We begin a consideration of the question of limitation with the knowledge that this court in Mersfelder v. Atchison, T. & S. F. Ry. Co., 24 N.M. 518, 174 P. 989, 990, held that the defense of limitation of time in which a suit may be brought for damage to an interstate shipment may not be waived, even though the delay be caused by the carrier treating with a claimant for settlement and thereby leading him to believe his claim would be settled without suit. It is there said:

“The scope and exact effect of the federal law will be ascertained best from the construction placed upon it by the court intrusted with its interpretation. In the case of A. J. Phillips Co. v. Grand Trunk Western R. Co., 236 U.S. 662, 667, 35 S.Ct. 444, 446, 59 L.Ed. 774, the court said:
“' * * * To permit a railroad company to plead the statute of limitations as against some, and to waive it as against others, would be to prefer some and discriminate against others, in violation of the terms of the Commerce Act, which forbids all devices by which such results may be accomplished. The prohibitions of the statute against unjust discrimination relate not only to inequality of charges and inequality of facilities, but also to the giving of preferences by means of consent judgments, or the waiver of defenses open, to the carrier.’ ”
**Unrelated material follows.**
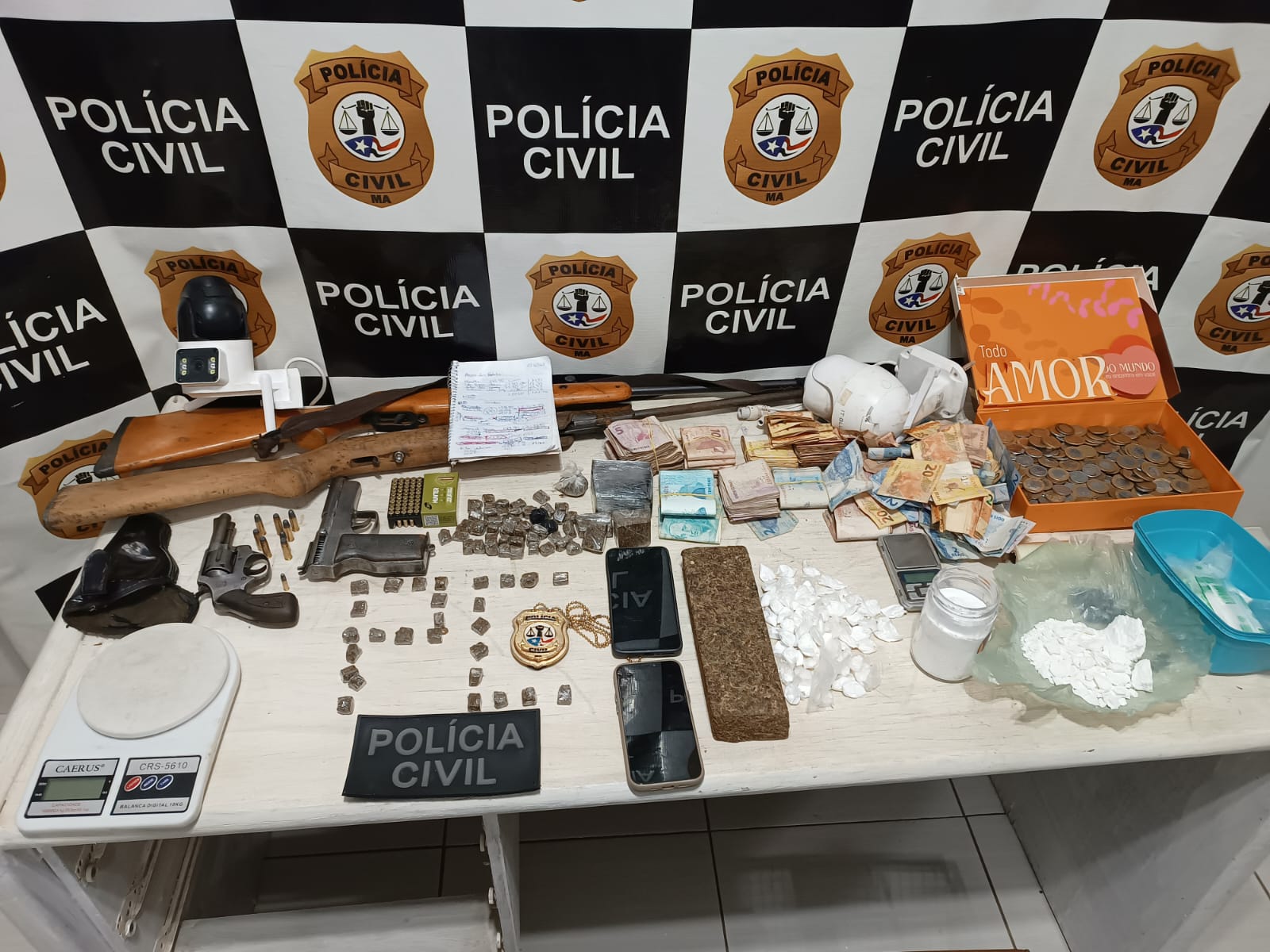 Durante o cumprimento dos mandados, os policiais localizaram uma grande quantidade de drogas, armas e munições. Entre o material apreendido estavam um revólver calibre 32, uma arma artesanal calibre 22, uma arma de pressão adaptada para o mesmo calibre, 51 munições calibre 22, oito munições calibre 32, cinco tabletes de maconha, 72 porções da mesma substância, 72 trouxinhas de cocaína, 227 gramas de cocaína em pó, uma balança de precisão e um caderno com anotações sobre o tráfico. Também foram apreendidos dois celulares, uma faca, um coldre, duas câmeras de videomonitoramento, além de materiais usados para embalar os entorpecentes, como rolo de celofane e saquinhos plásticos.
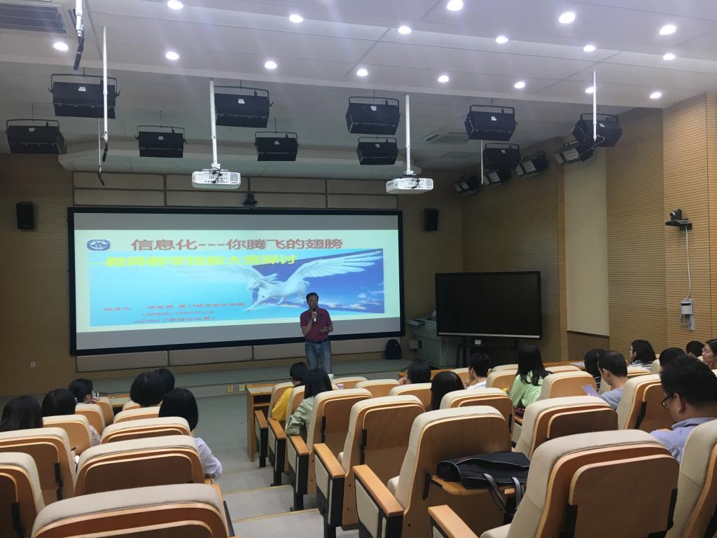為了提升學院老師的教學能力,更新教育理念,優(yōu)化教學策略,2019年5月27日上午8點10分,教務處在學院新實訓大樓三樓錄播室舉辦《更新教育理念,優(yōu)化教學策略——信息化,你騰飛的翅膀》講座。主講人沈立心研究員,為廈門城市職業(yè)學院副院長、中國職教學會信息化委員會常務副主任、中國教育學會高職高專委員會副主任、教育部裝備委員會特聘專家。參加講座人員包括2019年參加福建省教學能力大賽的選手以及全體教師。

The Phillips case has been consistently followed by the Supreme Court of the United States and the various state courts as will appear from the annotation in 135 A.L.R. at page 612, following the case of Kirkpatrick Co. v. Illinois Central Railroad Co., 190 Miss. 157, 195 So. 692, 693, 135 A.L.R. 607. In the Kirkpatrick case it is said: “The outstanding purpose of the Commerce Act was to absolutely uproot and destroy all discriminations in interstate commerce regardless of how conceived or by what plan, scheme or device they may be sought to be accomplished. To that end, the carrier is without power to waive any valid provision of .the contract constituting a defense. * * * The carrier cannot by conversations, letters and negotiations extend the time for suit beyond that limited by the bill of lading and the Commerce Act.”